Gerçekten de bu yazıda çözüm sürecinin “Türkiye’nin ayaklarına vurulan prangayı kıracak ve aynı zamanda sadece topraklarında değil doğal sınırlarında yaşayan Kürtlerle kader birliğinin sağlayacak” şekilde tanımlanması, “Suriye politikasında hatalar yapıldığı” ifadesi iktidar cenahında farklı görüşler var ve onları mı yansıtıyor sorusuna yol açıyor haklı olarak. Daha önemlisi “Türkiye’nin Suriye’nin kuzeyindeki Kürtlerle kurduğu ilişkilerin çözüm süreciyle eş zamanlı olarak çıkmaza girmesi” ifadesi, “Mesut Barzani ve KDP eliyle Suriye Kürtlerini etkisizleştirme hamlesinin başarısızlığı”nın kabul edilmesi, “zaten askeri ve istihbari anlamda Türkiye’nin yapması gerekenin çok ötesine geçtiğini dost düşman herkes kabul ediyor” şeklindeki tespitler, muhtemel alternatif görüşe karine olabilir.

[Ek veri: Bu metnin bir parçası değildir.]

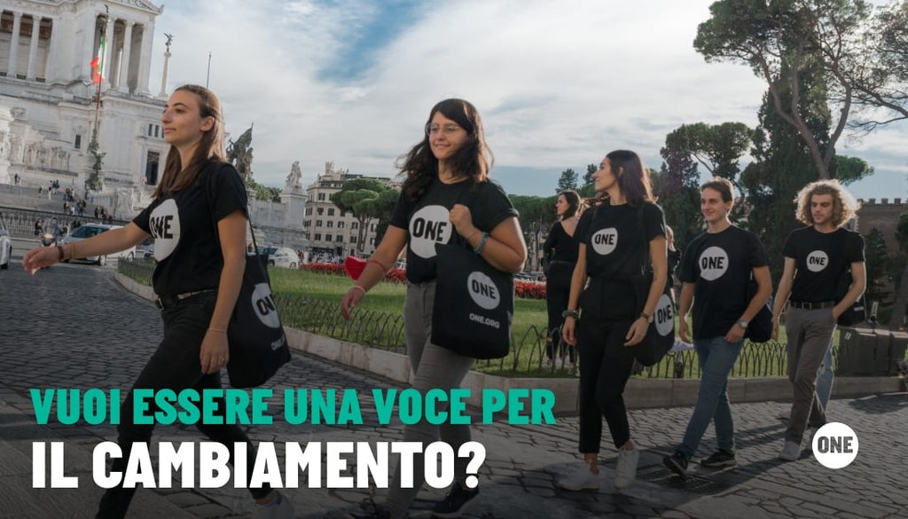 ONE ha una rete di attivistə, chiamatə Global Activist, in Africa, Stati Uniti, Europa e Canada, impegnatə a combattere contro la povertà estrema e le malattie prevenibili. In Europa, il programma ONE Youth Ambassador è un programma di volontariato annuale, in Italia alla sua nona edizione, e stiamo cercando attivistə entusiastə ed appassionatə che si uniscano a noi per tutto il 2022.
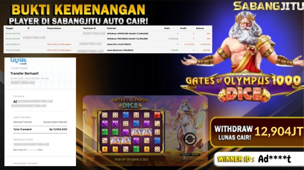 BUKTI KEMENANGAN 20 MARET 2025 DI GAME GATES OF OLYMPUS 1000 DICE WD 12.904.000 JUTA
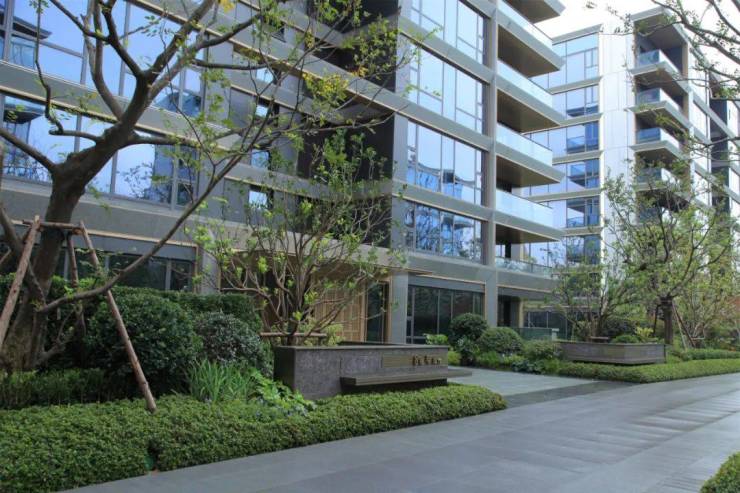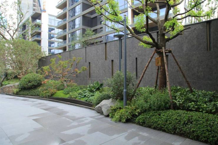 景观施工整体铺装轴线与门楼、汽车坡道精装共同放线确认,施工过程中统一按照确认轴线放线施工,防止施工过程中方向偏位,线接口出现偏差。入口映入眼帘的是一高一矮两棵造型飘逸进口黑松,松与水景相映成趣,穿行而入,围合空间内山石小景与精致的格栅背景墙完美融合,开启愉悦的归家之旅。
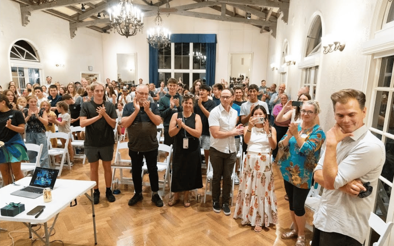 Lisa: After the heartfelt video messages, the entire room of swimmers, parents and coaches rose to their feet, overwhelmed with gratitude and appreciation for a true community treasure. Piedmont Swim Team’s head coach Stefan Bill.
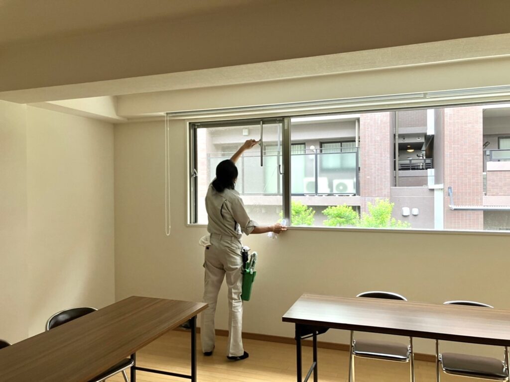 床以外にも窓ガラスの清掃も行っています(^-^)/
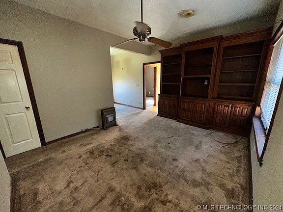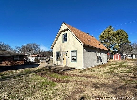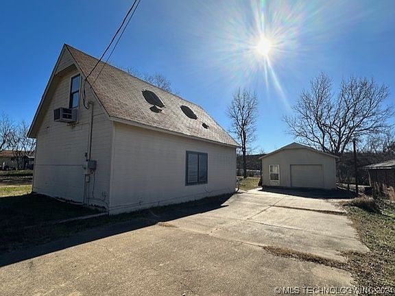 Cute 1 BR 1.5 Bath home on two city lots in the heart of Dewar! With a little TLC, this would be a great starter home or Airbnb in Okmulgee County. Lots of cabinet space with custom built in entertainment center in the living area. Vaulted ceilings. Large bedroom upstairs has half bath and laundry hookups. Office on 1st floor could be used for a 2nd bedroom. 1 car detached garage with concrete floors, attic, and great workspace with gas heat hookup. Large front yard space. Close to school. Call today to schedule your showing!

Yine gerçekçi bir şekilde ABD’nin PYD’yi desteklediği, keza “Rusların bize yakın olduğu apaçık bir palavra” diyerek duruma gerçekçi yaklaşmak gerektiği ifadesi de farklı politikalar için başlangıç noktası oluşturabilir.
Ayrıca yazarın son üçlü zirveyi değerlendirdiği dünkü yazısında, nedendir bilinmez “en zoru bunu yazmak” kaydını düşerek “Türkiye için bu dengeleri alt üst edecek olan hamlenin Suriye Kürtlerinin geleceğinde bizim rolümüz nasıl olabilir sorusu üzerine daha fazla kafa yormak olmalı” ifadesi de alternatif yaklaşım gereğinin sadece muhalifler tarafından değil iktidar destekçileri tarafından da hissedildiğini gösteriyor.
Elbette iktidarın açık şekilde önerdiği ve takipçisi olduğu politikalardan farklı olan bu gerçekçi tespit ve alternatiflerin, Türkiye’nin dış politikasında daha etkin olabilmesi, çok farklı kesimler tarafından önerilen ve desteklenen bu politikaların bireysel bir tahmin/öngörü/isteğin ifadesi olarak değil yapıcı bir diyalog ortamında oluşturulması, geliştirilmesi, tutarlı bir şekilde takip edilmesini gerektiriyor.